All of these new realities directly conspired against the proper relating of masculinity and femininity, prompting future generations to test various redefinitions in their effort to accommodate the brokenness. Two general trends emerged. One was harsh patriarchy, where men used force to impose their authority on women. The other was manipulative matriarchy, where women used their own means to wrest leadership from men. This latter course is actually more common in modern times, in the sense that fallen men have become content to cede both leadership and responsibility to women.
To understand why this is so, we should consider one more aspect of the Garden drama. When Eve and Adam decided to taste the forbidden fruit, they did so in response to their attractions and in direct contradiction to their assignments. Their hearts prevailed over their heads. Desire dominated truth.
For a long season of human history after Eden, truth was allowed to battle against desire, with varying degrees of success. In recent times, however, our enemy has persuaded us that truth has been disqualified from the game. No longer is there a right way to live that is externally established and that requires our recognition and conformity. In its place, our attractions and desires—as various and malleable as they are—have been given practically full rein.
The Marriage Muddle
Nowhere has this new set of rules been more evident—and more problematic—than in the context of marriage and family. The inversion of roles was almost inevitable from the beginning. Women, who by their nature as proper recipients of male protection desired security for themselves and their children, realized that protection was missing and quickly replaced it with their own survival methods. Men, who by their nature are proper recipients of female honor, realized when that honor was missing that they must seek it somewhere else.
The advent of feminism contributed another lie to the mix, which was that women's unhappiness was the result of their being deprived of the opportunities men enjoyed.
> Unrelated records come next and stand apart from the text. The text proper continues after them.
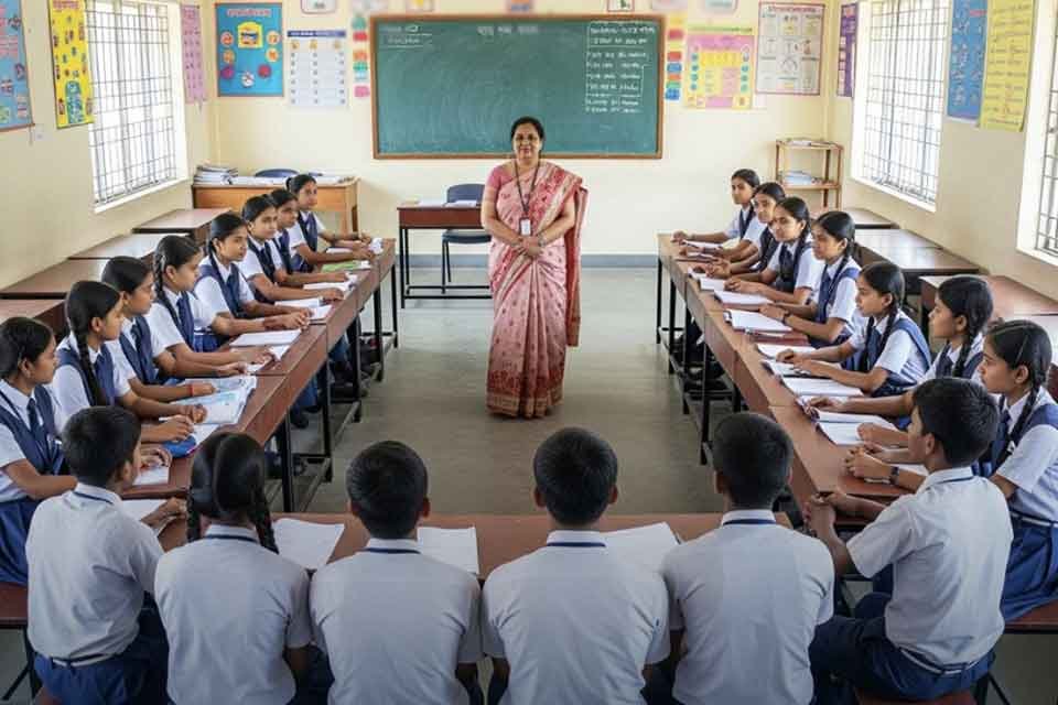 ਕਲਾਸਰੂਮ ਵਿੱਚ ਕਤਾਰਾਂ ਅਤੇ ਕਾਲਮਾਂ ਤੋਂ ਲੈ ਕੇ ਯੂ-ਆਕਾਰ ਵਾਲੀ ਸੀਟਿੰਗ ਤੱਕ ਕੇਰਲ ਦੇ ਰਾਮਾਵਿਲਾਸੋਮ ਵੋਕੇਸ਼ਨਲ ਹਾਇਰ ਸੈਕੰਡਰੀ ਸਕੂਲ ਵਿੱਚ ਮੇਜ਼ ਕਲਾਸਰੂਮ ਦੀਆਂ ਚਾਰ ਦੀਵਾਰਾਂ ਦੇ ਨਾਲ ਯੂ ਜਾਂ ਵੀ-ਆਕਾਰ ਵਿੱਚ ਰੱਖੇ ਗਏ ਸਨ, ਹਰ ਸੀਟ ਨੂੰ “ਮੂਹਰਲੀ ਕਤਾਰ” ਵਿੱਚ ਬਦਲ ਦਿੰਦੇ ਸਨ।
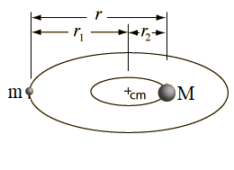 Οι μάζες m και Μ εκτελούν ομαλή κυκλική κίνηση γύρω από το κέντρο μάζας τους με ακτίνες r1 και r2. Για τις ακτίνες ισχύουν , ενώ για την απόσταση των δυο μαζών
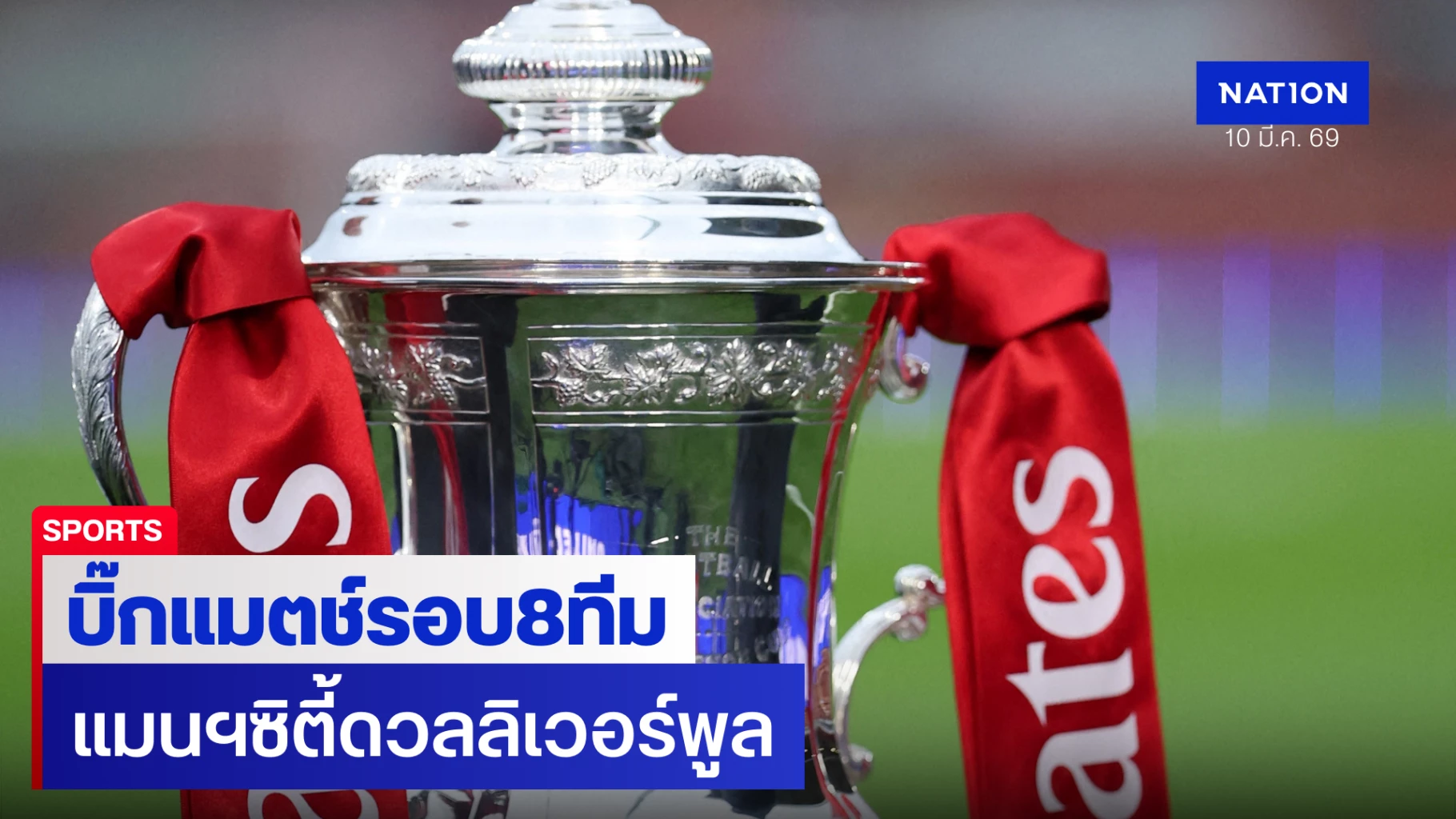 การจับสลากประกบคู่ฟุตบอล เอฟเอ คัพ รอบก่อนรองชนะเลิศ (8 ทีมสุดท้าย) เมื่อคืนวันจันทร์ที่ 9 มีนาคม 2569 ที่ผ่านมา สร้างความฮือฮาไปทั่วโลกเมื่อ แมนเชสเตอร์ ซิตี้ ถูกจับสลากให้เปิดสนามเอติฮัด สเตเดี้ยม ต้อนรับการมาเยือนของคู่ปรับตลอดกาลอย่าง ลิเวอร์พูล ซึ่งถือเป็นคู่ที่น่าจับตามองที่สุดในรอบนี้

Their incremental entry into those places where men were previously honored has had enormous social consequences.
For the women themselves, they were progressively torn from roles that—by God's design and through longstanding human history—have proven to be their finest and most satisfying places of worth. Nurturing and bringing comfort, joy, and beauty to those around them comes relatively easily for a woman. Bearing the responsibilities and physical stresses of governing and protecting and challenging manual labor—while there are some women who can accomplish these—exacts a strong toll from most women, who are nonetheless being told by their society to pursue these things.
And as women enter those occupations wherein men previously competed and validated their masculinity, the men eventually leave. They intuitively understand that to compete with a woman is problematic: if they lose, they lose, and if they win, they lose. The real-life places left in our culture where men can test and confirm their strength and worth are fast disappearing, replaced by the vast and enticing smorgasbord of virtual and fantasy arenas.
With spiraling intensity, women now find themselves less secure and more called upon to deal with the practical matters of life, and men—who are seeing manhood disparaged at every turn—have in large part yielded those to them. Small wonder that boys who desire to become men have no idea what it is they seek.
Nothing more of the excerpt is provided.